Jakarta (ANTARA) - Ombudsman Republik Indonesia menemukan bahwa Panitia Seleksi Anggota Komisi Penyiaran Indonesia (KPI) terbukti melampaui kewenangannya dalam proses seleksi anggota KPI Pusat periode 2019-2022, diantaranya adanya tindakan maladministrasi.
"Maka, terkait dengan maladministrasi ini, yakni melampaui kewenangan dengan membuat aturan sendiri melalui kesepakatan yang tidak diatur dalam UU di atasnya yakni UU Nomor 32 Tahun 2002 tentang Penyiaran," ujar Anggota Ombudsman RI Adrianus Meliala dalam konferensi pers di kantor Ombudsman RI Kuningan, Jakarta Selatan, Senin.
Dalam Laporan Akhir Hasil Pemeriksaan (LAHP) terkait dugaan penyimpangan prosedur oleh Pansel Anggota KPI Pusat, Adrianus juga menyebutkan beberapa temuan dalam pemeriksaan laporan tersebut.
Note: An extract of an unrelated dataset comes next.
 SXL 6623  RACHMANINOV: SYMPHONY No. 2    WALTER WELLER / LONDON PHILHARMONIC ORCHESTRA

Beberapa temuan di antaranya tidak adanya petunjuk teknis mengenai mekanisme seleksi calon anggota KPI Pusat serta tidak adanya standar penilaian baku yang dijadikan rujukan untuk menentukan nama peserta seleksi yang lolos.
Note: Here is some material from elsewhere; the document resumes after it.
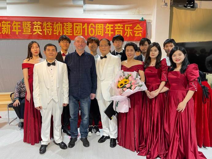 英特纳合唱团则表演了多语合唱、独唱、诗朗诵、口琴演奏、手风琴演奏等多个精彩节目。合唱团前辈们热爱生命、热爱音乐、热爱歌唱的精神深深感动了在场所有观众。俄语系已退休多年的李福安老师和丁可展老师也是合唱团骨干成员,在音乐会上见到他们格外欣喜。最后,音乐会在温馨欢乐的气氛中落幕,全场合影留念。

Temuan lain, tidak adanya standar pengamanan informasi yang memadai untuk mencegah kebocoran data ke pihak lain serta adanya ketidakkonsistenan penggunaan Peraturan KPI Nomor 01/P/KPI/07/2014 tentang Kelembagaan KPI oleh Pansel Anggota KPI.
Sebelumnya, salah satu calon anggota KPI periode 2019-2022 Supadiyanto melaporkan sejumlah kejanggalan yang dialaminya dalam proses seleksi calon anggota KPI kepada Ombudsman RI dengan laporan Nomor Reg: 0277/LM/VII/2019/JKT.
Polemik ini bermula ketika pada Maret lalu beredar 27 nama calon anggota KPI yang lolos seleksi oleh Panitia Seleksi Anggota KPI untuk mengikuti uji kepatutan dan kelayakan (fit and proper test) di DPR.
Nama Supadiyanto termasuk dalam daftar tersebut. Namun Kementerian Kominfo membantah daftar itu.
Pada 19 Juni 2019, keluar daftar berisi 34 nama calon anggota yang lolos mengikuti fit and proper test yang diumumkan oleh Komisi I DPR. Nama Supadiyanto dan sejumlah calon hilang dari daftar itu.